Here's Uber's problem. They raised like 8 billion with the IPO but that also cut off the endless cash infusion from investors. They burned through a billion dollars last quarter so they're running out of time. They're going to have to raise fares soon and operate in the real world.


----------



## Roadmasta (Aug 4, 2017)

Single Malt said:


> Here's Uber's problem. They raised like 8 billion with the IPO but that also cut off the endless cash infusion from investors. They burned through a billion dollars last quarter so they're running out of time. They're going to have to raise fares soon and operate in the real world.


They are testing to see how low drivers will go. Don't drive is what will put them out of business. But Stupid ants will be ants and work for nothing.


----------



## iheartuber (Oct 31, 2015)

Single Malt said:


> Here's Uber's problem. They raised like 8 billion with the IPO but that also cut off the endless cash infusion from investors. They burned through a billion dollars last quarter so they're running out of time. They're going to have to raise fares soon and operate in the real world.

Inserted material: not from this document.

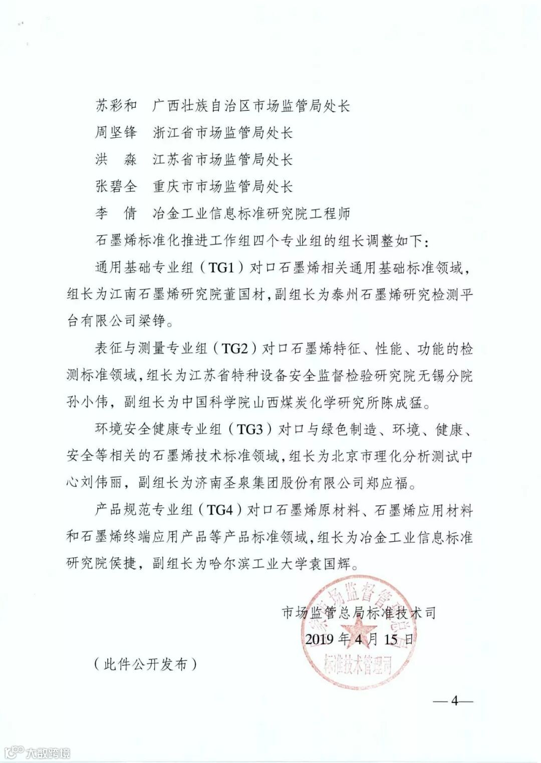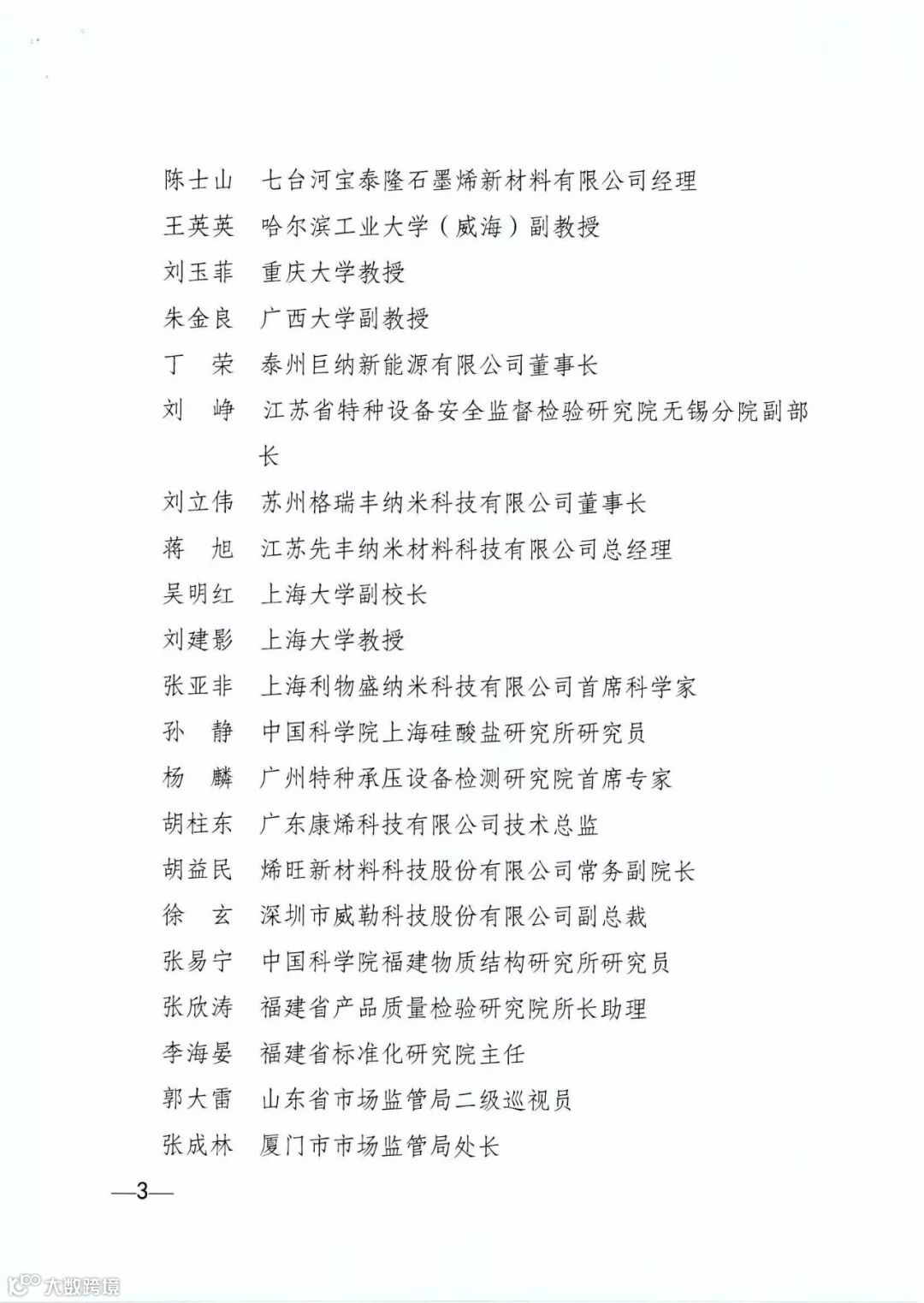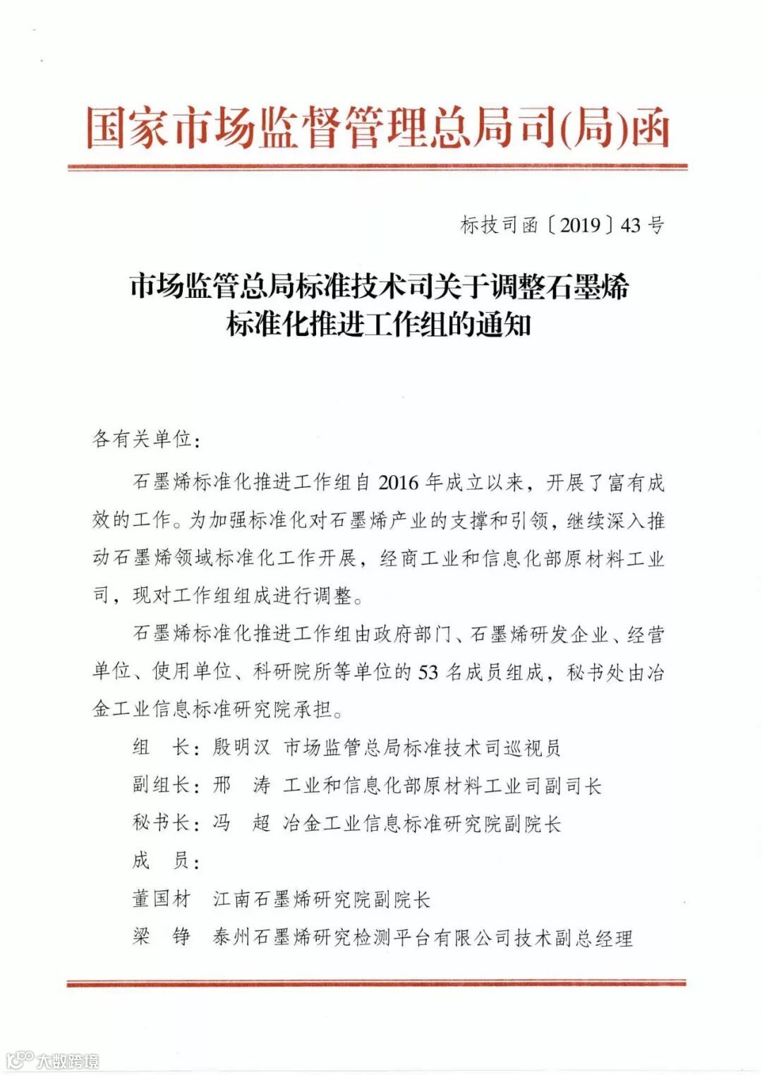 为加强标准化对石墨烯产业的支撑和引领,继续深入推动石墨烯领域标准化工作开展,国家市场监督管理总局对2016年成立的石墨烯标准化推进工作组的组成进行了调整。先丰纳米董事长蒋旭先生入选该工作组。石墨烯标准化推进工作组成立以来,统筹推进石墨烯国家、国际相关标准化工作,开展了卓有成效的活动。

I don't always agree with you @Single Malt but I do agree here.

Uber has been engaging in what I consider idiot business moves for years and they've had endless cash to find their blunders.

Here's hoping the IPO puts a fire under their butt to wise up.


----------



## Single Malt (Nov 11, 2018)

iheartuber said:


> I don't always agree with you @Single Malt but I do agree here.
> 
> Uber has been engaging in what I consider idiot business moves for years and they've had endless cash to find their blunders.
> 
> Here's hoping the IPO puts a fire under their butt to wise up.


There's really nothing Uber can do other than raise fares. But they'll lose a lot of customers by rasing fares and a flood of new competitors will enter the market. But the initial investors already parachuted out with the IPO so don't really care anymore.


----------



## uberdriverfornow (Jan 10, 2016)

Single Malt said:


> There's really nothing Uber can do other than raise fares. But they'll lose a lot of customers by rasing fares and a flood of new competitors will enter the market. But the initial investors already parachuted out with the IPO so don't really care anymore.


initial investors cant cash out for 60 days...try again

60 days after ipo you will see the real crash

uber willl never be profitable blowing billions each year on sdc nonsense


----------



## goneubering (Aug 17, 2017)

uberdriverfornow said:


> initial investors cant cash out for 60 days...try again
> 
> 60 days after ipo you will see the real crash
> 
> uber willl never be profitable blowing billions each year on sdc nonsense


I think they will eventually sell their weak SDC business or shut it down.


----------